By default, pandoc translates \SIRange{1}{2}{\milli\second} to 1 ms--2 ms,
which I don't like. I prefer 1--2 ms.
"""
if isinstance(elem, Str):
matches = si_range_pattern.match(elem.text)
if matches:
elem.text = f'{matches.group(1)}\u2013{matches.group(3)}'
return elem
def add_references_section_heading(elem, doc):
"""
Add a section heading for the references.
"""
if isinstance(elem, Div) and elem.identifier == 'refs':
return [Header(Str('References'), identifier='references'), elem]
The default Word template is pretty good, but also here there could be a few tweaks here and there. For example, I'd like the references list to have some indentation of subsequent lines:
Layout tweaks like this can be made by making a Word template file.
The DOCX output of Pandoc makes careful use of Word Styles to mark things such as section headers, citations, references and so on.

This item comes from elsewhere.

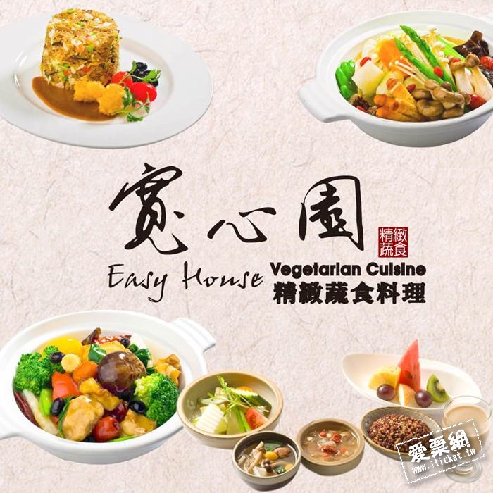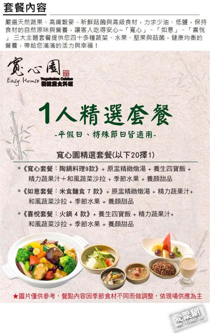 1.單張可1人於寬心園精緻蔬食料理餐廳享用精選套餐乙客(已含服務費)。

Start with the beamformer_framework.docx
as it is now and change the styles to reflect how you want things to look (be sure to "Update style to match selection" if you make any changes!).
To reduce the size of the template, you can trim down the content to only have one example per style, so one paragraph of text, one figure, one table, one reference, and so on.
Once you are happy with your template, you can pass it to Pandoc using the --reference-doc
argument:
python pandoc-vanvliet-preprocess.py
pandoc ./beamformer_framework_pandoc.tex -f latex+raw_tex \
--citeproc --bibliography paper/beamformer_framework.bib \
-F ./pandoc-vanvliet.py \
--resource-path ./paper \
--reference-doc template.docx \
-o beamformer_framework.docx
By now, the strategy should be clear to you. Start with plain Pandoc, examine the resulting DOCX file carefully and fix any mistakes by adding to the preprocessing and filter Python scripts. This is a laborious process, but thankfully you only have to do this once. Feel free to use my scripts as a jumping-off point, add any additional stuff you like to use but Pandoc doesn't handle well, and you are set for many writing projects.